▶ _Work required_
Print only the lines below from the one with "La salida debería" to the one with "My approach to", both included, exactly as they stand. Leave pictures out.

(Material shown)

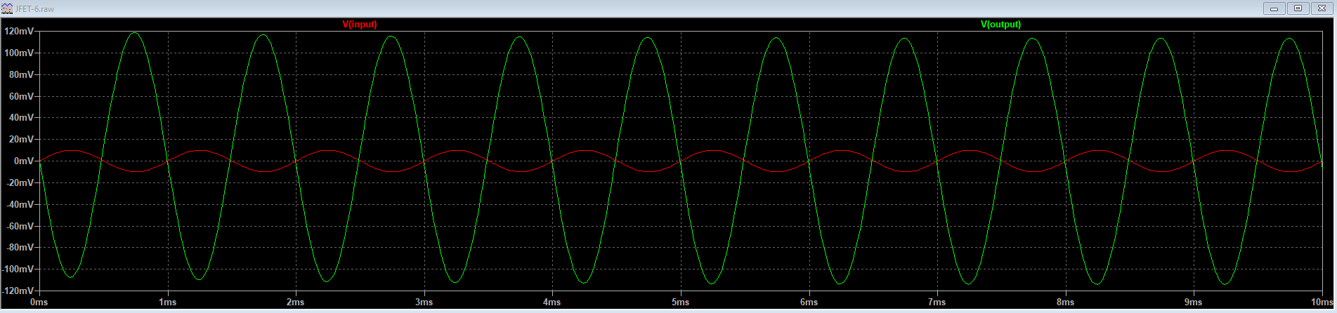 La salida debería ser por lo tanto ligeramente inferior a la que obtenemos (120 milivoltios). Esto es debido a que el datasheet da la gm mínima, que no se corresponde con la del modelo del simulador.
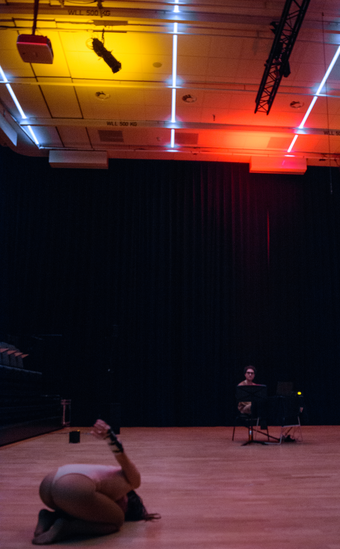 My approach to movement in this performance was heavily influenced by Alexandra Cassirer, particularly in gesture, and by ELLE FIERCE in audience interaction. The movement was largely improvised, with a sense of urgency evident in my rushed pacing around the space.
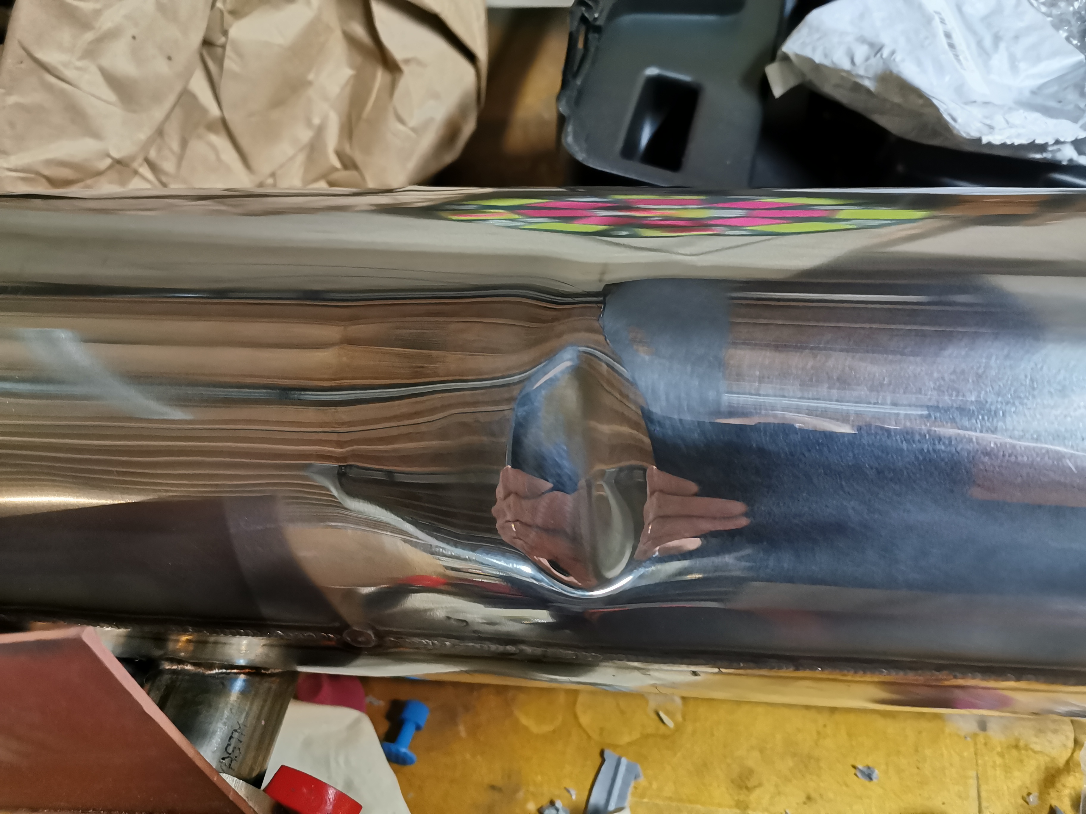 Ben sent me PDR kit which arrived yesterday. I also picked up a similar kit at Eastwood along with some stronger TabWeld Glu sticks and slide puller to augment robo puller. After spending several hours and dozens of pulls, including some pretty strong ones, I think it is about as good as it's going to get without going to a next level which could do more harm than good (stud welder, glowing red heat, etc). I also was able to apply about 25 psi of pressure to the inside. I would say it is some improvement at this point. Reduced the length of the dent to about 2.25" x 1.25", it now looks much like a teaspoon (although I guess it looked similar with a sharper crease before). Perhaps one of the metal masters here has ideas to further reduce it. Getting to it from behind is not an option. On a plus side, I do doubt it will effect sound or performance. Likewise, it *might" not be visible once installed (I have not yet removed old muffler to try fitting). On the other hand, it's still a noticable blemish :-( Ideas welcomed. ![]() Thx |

(End Material shown)
(Material shown)

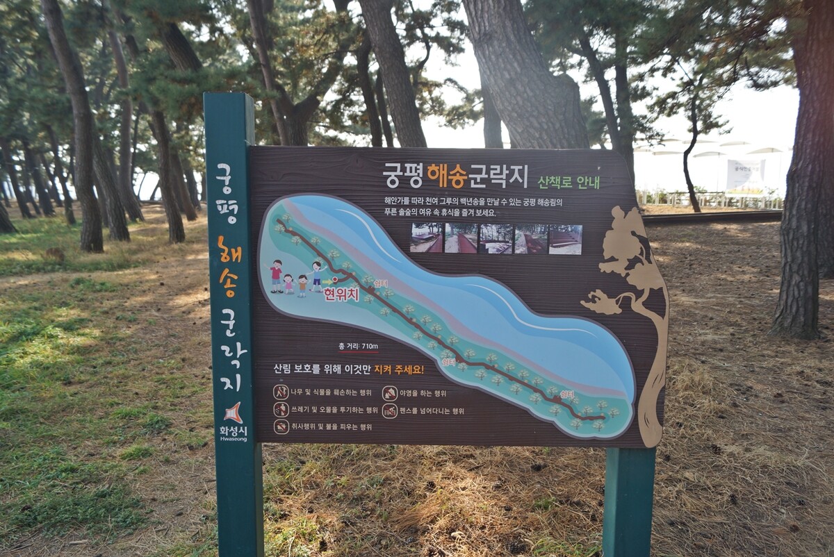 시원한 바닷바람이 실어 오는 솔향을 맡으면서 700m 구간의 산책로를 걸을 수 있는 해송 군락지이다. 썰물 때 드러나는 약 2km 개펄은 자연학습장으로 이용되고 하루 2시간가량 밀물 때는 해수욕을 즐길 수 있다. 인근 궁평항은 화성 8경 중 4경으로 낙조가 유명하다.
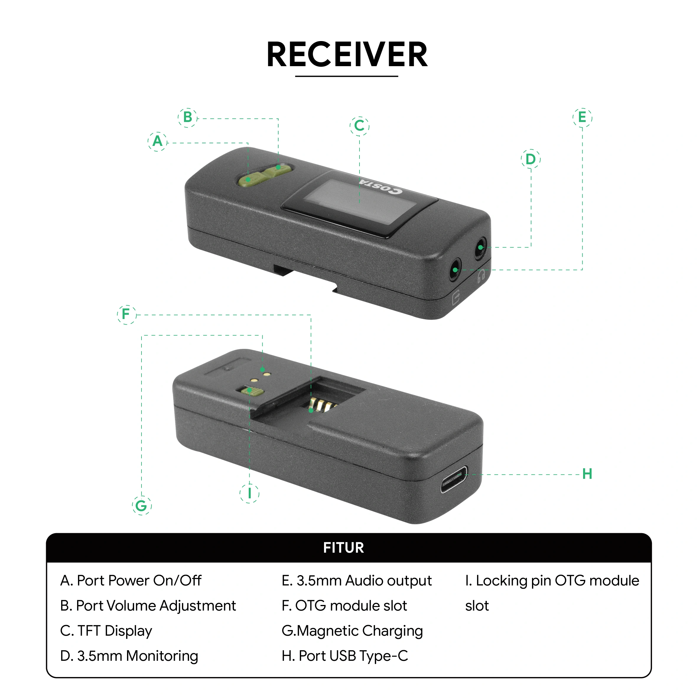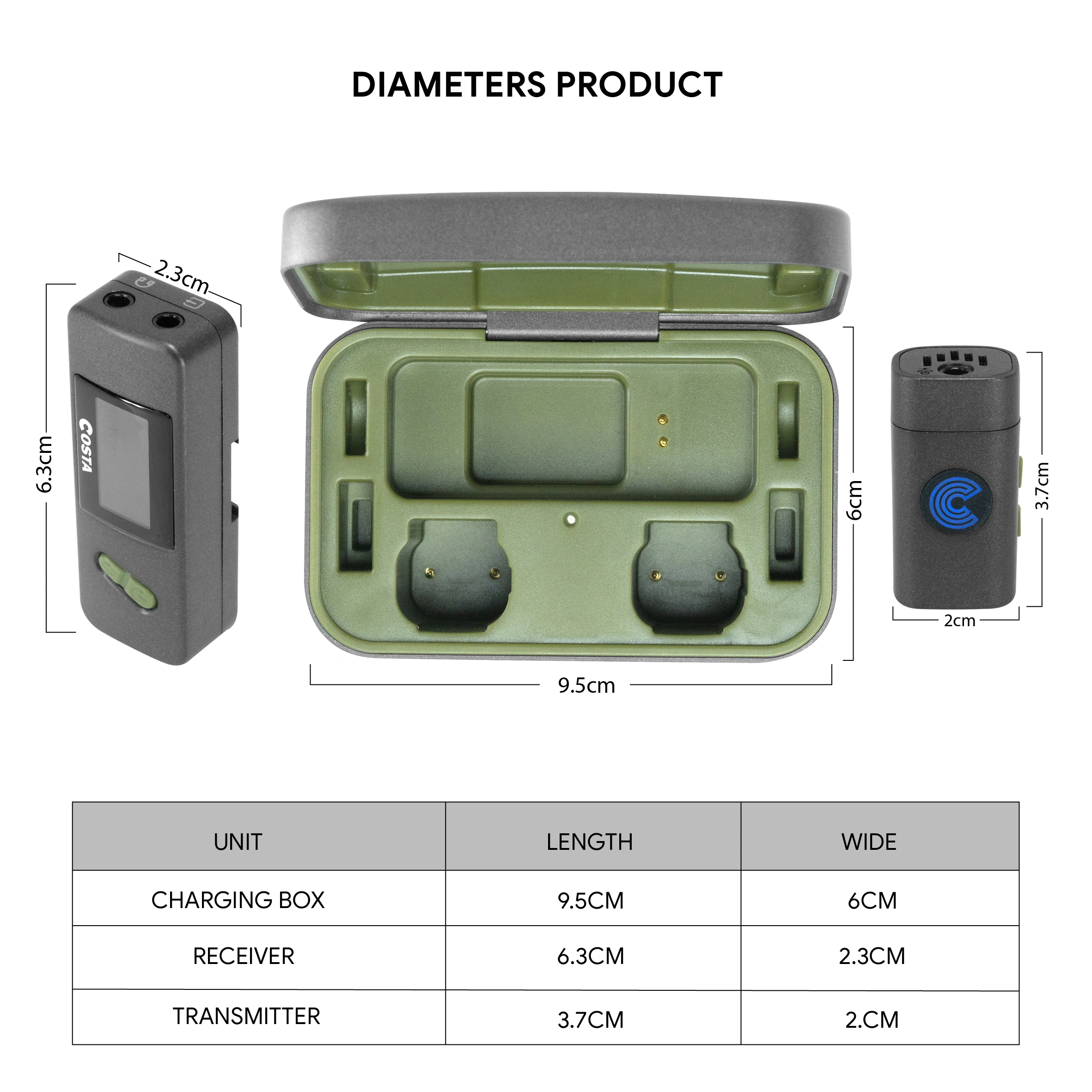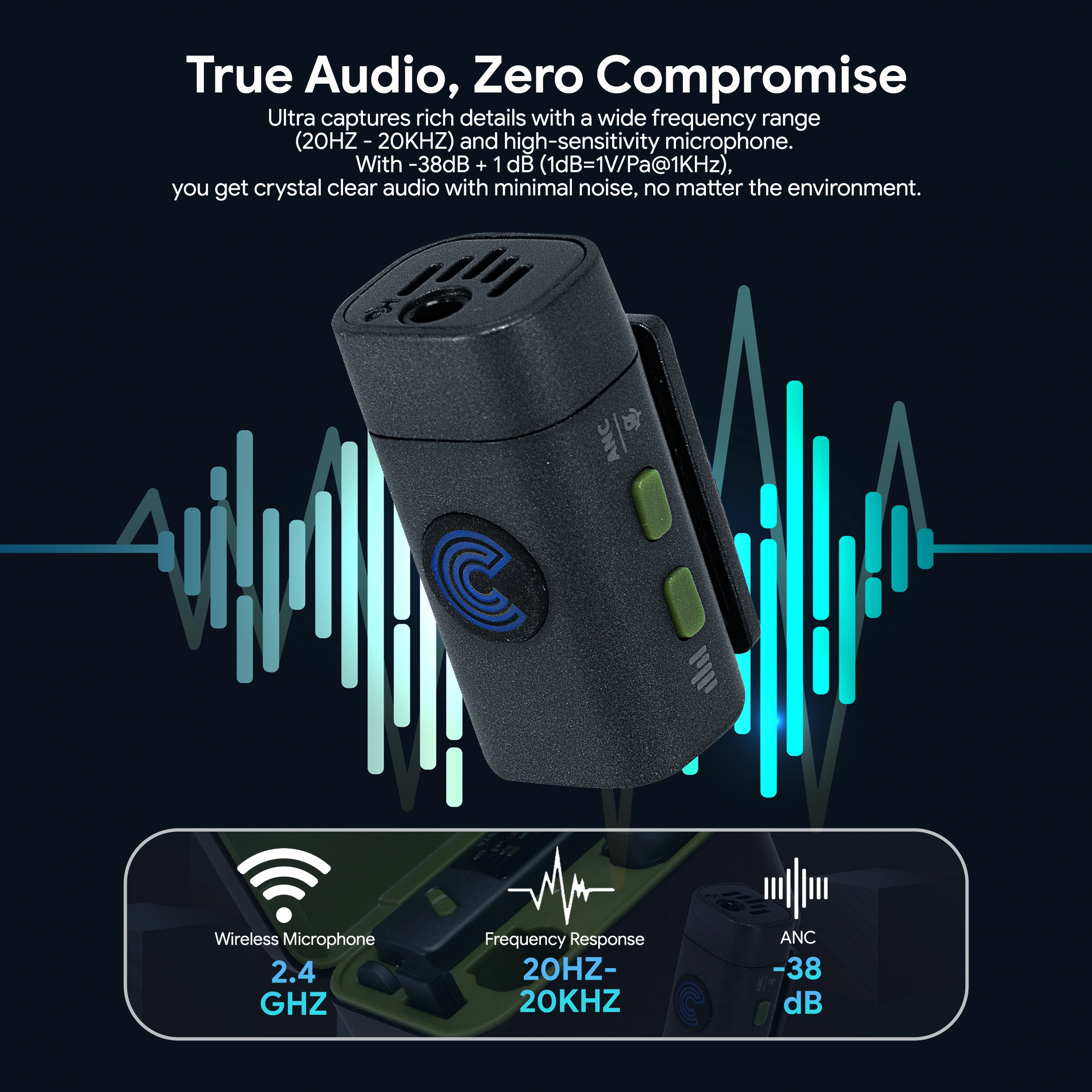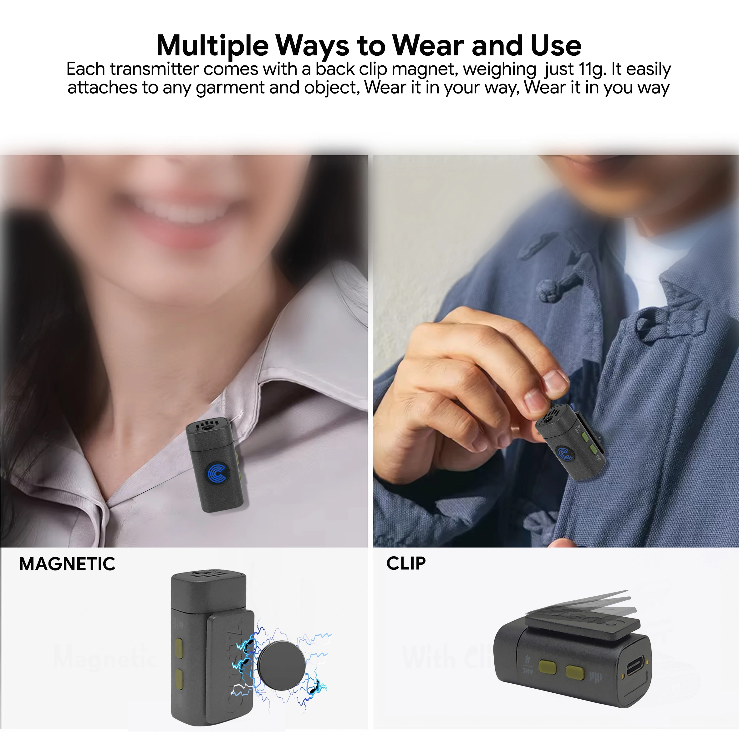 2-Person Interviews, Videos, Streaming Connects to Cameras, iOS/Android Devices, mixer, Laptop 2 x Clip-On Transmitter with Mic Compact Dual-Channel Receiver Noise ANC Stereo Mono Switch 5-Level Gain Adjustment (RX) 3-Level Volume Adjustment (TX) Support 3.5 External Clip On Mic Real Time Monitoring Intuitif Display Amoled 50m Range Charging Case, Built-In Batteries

(End Material shown)
(Material shown)

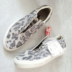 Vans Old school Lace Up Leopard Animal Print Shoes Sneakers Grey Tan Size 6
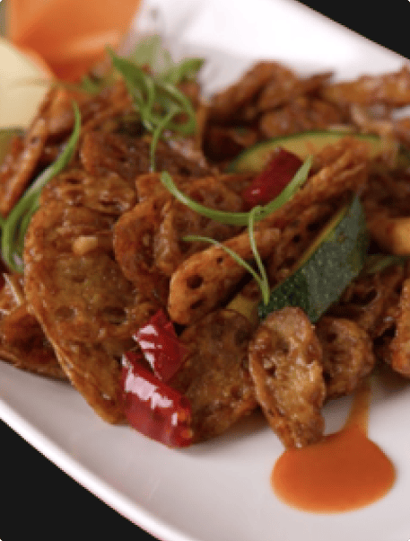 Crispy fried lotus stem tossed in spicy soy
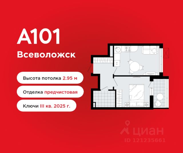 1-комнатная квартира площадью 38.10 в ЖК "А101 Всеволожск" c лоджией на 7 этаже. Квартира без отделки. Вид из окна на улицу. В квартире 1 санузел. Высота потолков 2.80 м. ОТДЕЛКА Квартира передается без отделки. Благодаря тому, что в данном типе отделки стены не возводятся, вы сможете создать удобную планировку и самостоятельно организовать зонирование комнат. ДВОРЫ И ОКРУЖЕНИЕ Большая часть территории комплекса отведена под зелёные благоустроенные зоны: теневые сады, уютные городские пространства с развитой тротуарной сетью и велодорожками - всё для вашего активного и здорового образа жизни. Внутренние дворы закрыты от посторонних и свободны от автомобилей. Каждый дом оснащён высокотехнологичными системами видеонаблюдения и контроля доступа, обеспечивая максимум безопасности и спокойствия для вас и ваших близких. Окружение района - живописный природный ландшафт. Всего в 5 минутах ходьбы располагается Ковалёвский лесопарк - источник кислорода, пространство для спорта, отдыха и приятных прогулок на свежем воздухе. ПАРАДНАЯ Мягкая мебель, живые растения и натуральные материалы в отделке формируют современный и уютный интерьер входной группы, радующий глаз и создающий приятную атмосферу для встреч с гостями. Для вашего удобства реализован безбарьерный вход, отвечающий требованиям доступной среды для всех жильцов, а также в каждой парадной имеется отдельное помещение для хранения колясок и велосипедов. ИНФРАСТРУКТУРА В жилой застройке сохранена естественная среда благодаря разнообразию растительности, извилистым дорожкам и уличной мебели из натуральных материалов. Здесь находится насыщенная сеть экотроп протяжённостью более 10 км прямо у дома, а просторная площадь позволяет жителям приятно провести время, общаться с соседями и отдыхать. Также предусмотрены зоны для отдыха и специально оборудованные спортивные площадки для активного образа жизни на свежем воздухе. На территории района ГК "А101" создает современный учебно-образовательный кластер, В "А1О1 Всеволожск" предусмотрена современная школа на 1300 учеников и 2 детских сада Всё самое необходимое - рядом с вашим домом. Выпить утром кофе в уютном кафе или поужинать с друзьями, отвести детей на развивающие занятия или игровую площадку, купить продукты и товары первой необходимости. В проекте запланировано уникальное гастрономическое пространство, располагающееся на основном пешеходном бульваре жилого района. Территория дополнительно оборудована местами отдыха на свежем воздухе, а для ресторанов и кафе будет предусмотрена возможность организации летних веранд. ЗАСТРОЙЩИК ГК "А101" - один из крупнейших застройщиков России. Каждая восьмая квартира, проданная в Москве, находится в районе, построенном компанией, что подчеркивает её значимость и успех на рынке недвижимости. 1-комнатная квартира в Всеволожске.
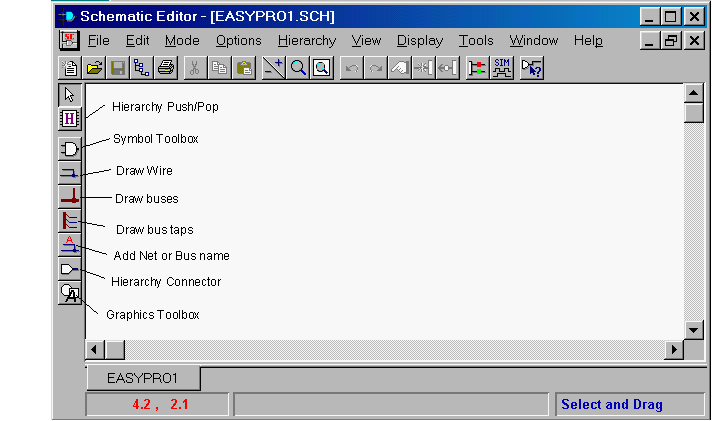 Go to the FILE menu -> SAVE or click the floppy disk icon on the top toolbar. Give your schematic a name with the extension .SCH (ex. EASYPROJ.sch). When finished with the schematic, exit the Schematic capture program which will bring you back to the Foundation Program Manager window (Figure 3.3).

(End Material shown)

▶ _Response area_
 La salida debería ser por lo tanto ligeramente inferior a la que obtenemos (120 milivoltios). Esto es debido a que el datasheet da la gm mínima, que no se corresponde con la del modelo del simulador.
 My approach to movement in this performance was heavily influenced by Alexandra Cassirer, particularly in gesture, and by ELLE FIERCE in audience interaction. The movement was largely improvised, with a sense of urgency evident in my rushed pacing around the space.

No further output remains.